Data Pelatihan Sintetis

Data pelatihan untuk kedua model dihasilkan secara sintetis, memastikan dasar yang kuat untuk proses pembelajaran sistem.

Hasil

Puncak dari penelitian ini adalah peningkatan yang mencolok dalam akurasi penalaran LLM. Tim mendokumentasikan peningkatan yang luar biasa dalam metrik kinerja melalui pengujian yang ketat, terutama terlihat dalam penerapan metode mereka pada model LLaMA-2 13B. Pada soal matematika yang menantang yang dikenal sebagai GSM8K, akurasi melonjak dari 53% menjadi 65% yang mengesankan ketika model diterapkan dalam strategi penyempurnaan global-lokal gabungan, yang digarisbawahi oleh peran ORM sebagai pengambil keputusan dalam memilih solusi yang paling menjanjikan.

Kesimpulan

Terobosan ini menandakan kemajuan dalam teknik penyempurnaan LLM dan konteks yang lebih luas dari kemampuan pemecahan masalah AI. Penelitian ini menyoroti jalan menuju sistem yang lebih otonom, efisien, dan cerdas dengan menguraikan kapan dan di mana penyempurnaan diperlukan dan menerapkan metodologi koreksi yang strategis.
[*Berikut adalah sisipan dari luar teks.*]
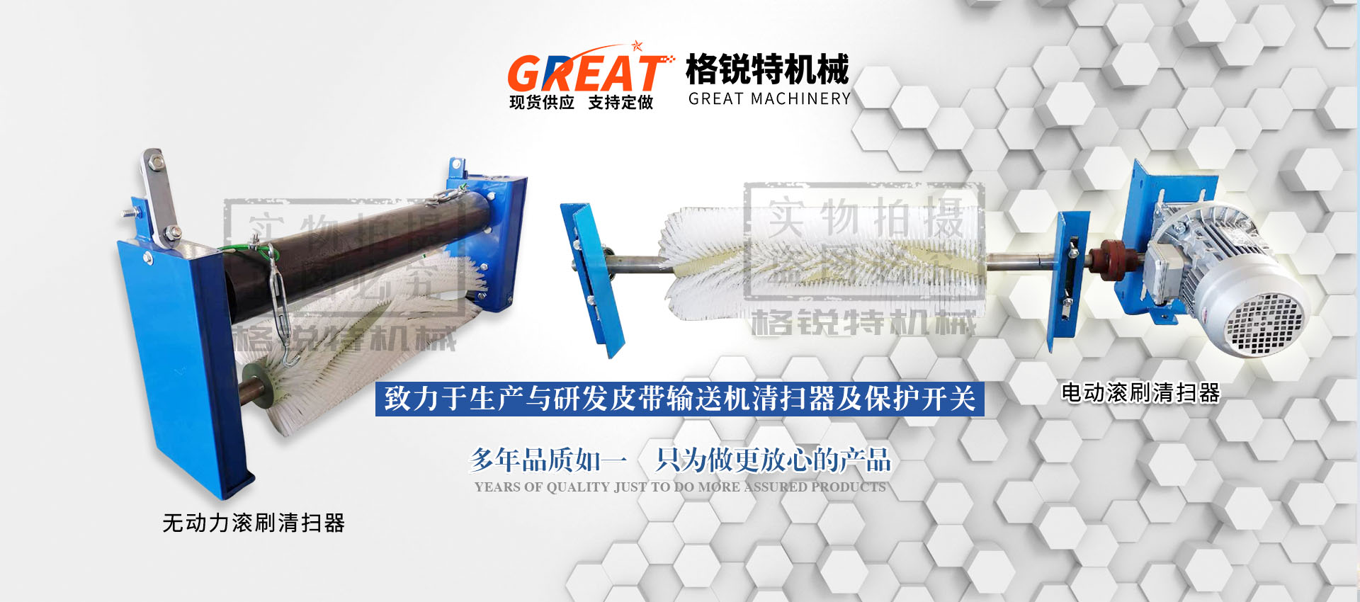 衡水格銳特機(jī)械科技有限公司常年致力于生產(chǎn)與研發(fā)皮帶輸送機(jī)清掃器及保護(hù)開(kāi)關(guān),其中主營(yíng)聚氨酯清掃器,合金清掃器,電動(dòng)滾刷清掃器,機(jī)械式滾刷清掃器,緩沖床,緩沖條,雙向拉繩開(kāi)關(guān),兩級(jí)跑偏開(kāi)關(guān),打滑檢測(cè)器,料流檢測(cè)器等保護(hù)開(kāi)關(guān),常年銷往各大水泥廠,煤礦廠,電廠,輸送機(jī)廠家,質(zhì)量?jī)?yōu)越,價(jià)格實(shí)惠,望各大領(lǐng)導(dǎo)及同行來(lái)廠參觀指導(dǎo),期待您的光臨!!!

Keberhasilan pendekatan ini, yang dibuktikan dengan peningkatan substansial dalam akurasi pemecahan masalah, merupakan bukti potensi pelatihan sintetis dan penggunaan model imbalan yang inovatif.
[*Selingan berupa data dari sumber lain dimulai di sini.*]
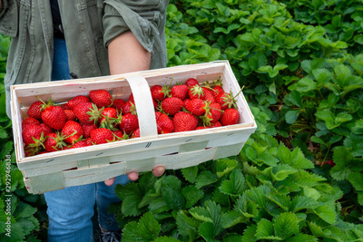 Strawberry fields in Germany, outdoor plantations with ripe sweet red strawberries ready for harvest

Penelitian ini menawarkan cetak biru untuk eksplorasi masa depan ke dalam penyempurnaan LLM, menyarankan cara untuk menyempurnakan proses identifikasi kesalahan model dan meningkatkan kecanggihan strategi koreksi. Dengan dasar ini, kemungkinan LLM mencapai kemampuan penalaran yang mendekati manusia atau bahkan lebih unggul pada tugas-tugas kompleks menjadi lebih dekat dengan kenyataan.